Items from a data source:

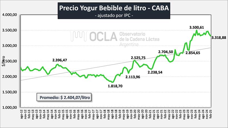 La situación de los yogures bebibles de litro, en principio es diferente, ya que sostienen el nivel de consumo de la categoría, y sus precios se venían ajustan por encima del ritmo inflacionario, con algunos altibajos. El precio actual está 38,0% por encima de la media de la serie. Lamentablemente tiran para abajo el promedio del mix, ya que su aumento de ventas no fue acompañado por las ventas de yogures en pote, postres y flanes que tienen un mayor valor por litro equivalente.
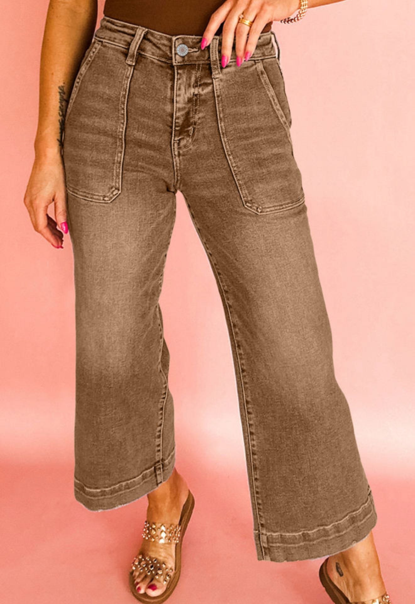 Brown Cropped High Rise Wide Leg Jeans - PREORDER
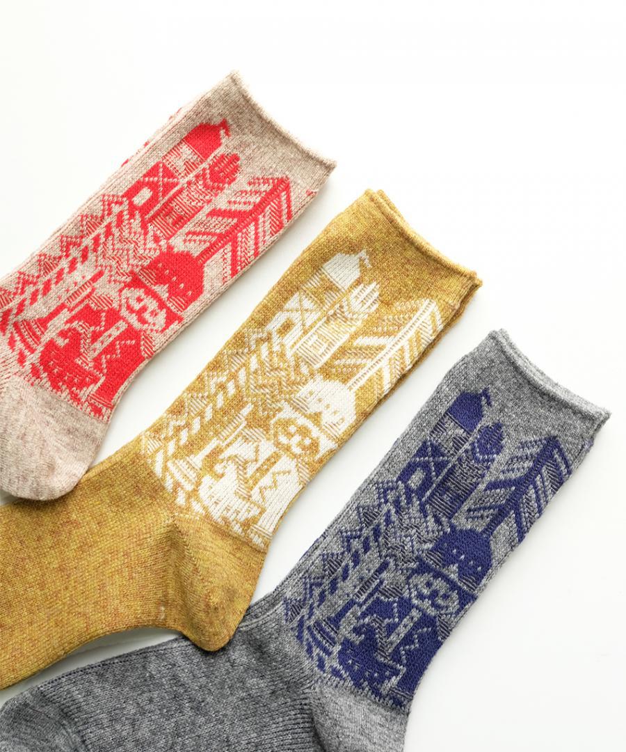くるみ割り人形をモチーフにしたジャガードソックスは、ドイツの森での暮らしをイメージした「森の宿り」というタイトルがつけられています。
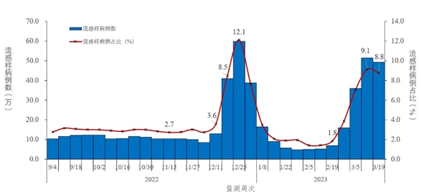 根據(jù)中疾控最新發(fā)布的流感樣病例數(shù)據(jù),目前國內(nèi)流感雖有下坡趨勢,但仍處于大流行階段。最近一周哨點(diǎn)醫(yī)院報(bào)告的流感樣病例數(shù)仍在40萬以上,其中流感病毒陽性率達(dá)53.5%。
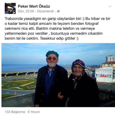 Peker Mert Öksüz, Trabzon’da kendisinden fotoğrafını çekmesini isteyen yaşlı çiftin pozunu Facebook adresinden paylaştı. Fotoğrafın hikayesi oldukça ilginç.
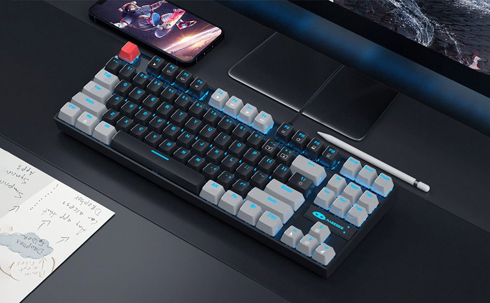 MageGee 75% Qırmızı Düymə ilə Mexanik Oyun Klaviaturası, LED Mavi Arxadan İşıqlandırılmış Klaviatura, Windows Laptop PC Gamer üçün 87 Düyməli Kompakt TKL Simli Kompüter Klaviaturası – Ağ/Mavi

**Instructions to follow**
Please retype the records above exactly, but leave out any pictures.

**Written response**
 La situación de los yogures bebibles de litro, en principio es diferente, ya que sostienen el nivel de consumo de la categoría, y sus precios se venían ajustan por encima del ritmo inflacionario, con algunos altibajos. El precio actual está 38,0% por encima de la media de la serie. Lamentablemente tiran para abajo el promedio del mix, ya que su aumento de ventas no fue acompañado por las ventas de yogures en pote, postres y flanes que tienen un mayor valor por litro equivalente.
 Brown Cropped High Rise Wide Leg Jeans - PREORDER
くるみ割り人形をモチーフにしたジャガードソックスは、ドイツの森での暮らしをイメージした「森の宿り」というタイトルがつけられています。
 根據(jù)中疾控最新發(fā)布的流感樣病例數(shù)據(jù),目前國內(nèi)流感雖有下坡趨勢,但仍處于大流行階段。最近一周哨點(diǎn)醫(yī)院報(bào)告的流感樣病例數(shù)仍在40萬以上,其中流感病毒陽性率達(dá)53.5%。
 Peker Mert Öksüz, Trabzon’da kendisinden fotoğrafını çekmesini isteyen yaşlı çiftin pozunu Facebook adresinden paylaştı. Fotoğrafın hikayesi oldukça ilginç.
 MageGee 75% Qırmızı Düymə ilə Mexanik Oyun Klaviaturası, LED Mavi Arxadan İşıqlandırılmış Klaviatura, Windows Laptop PC Gamer üçün 87 Düyməli Kompakt TKL Simli Kompüter Klaviaturası – Ağ/Mavi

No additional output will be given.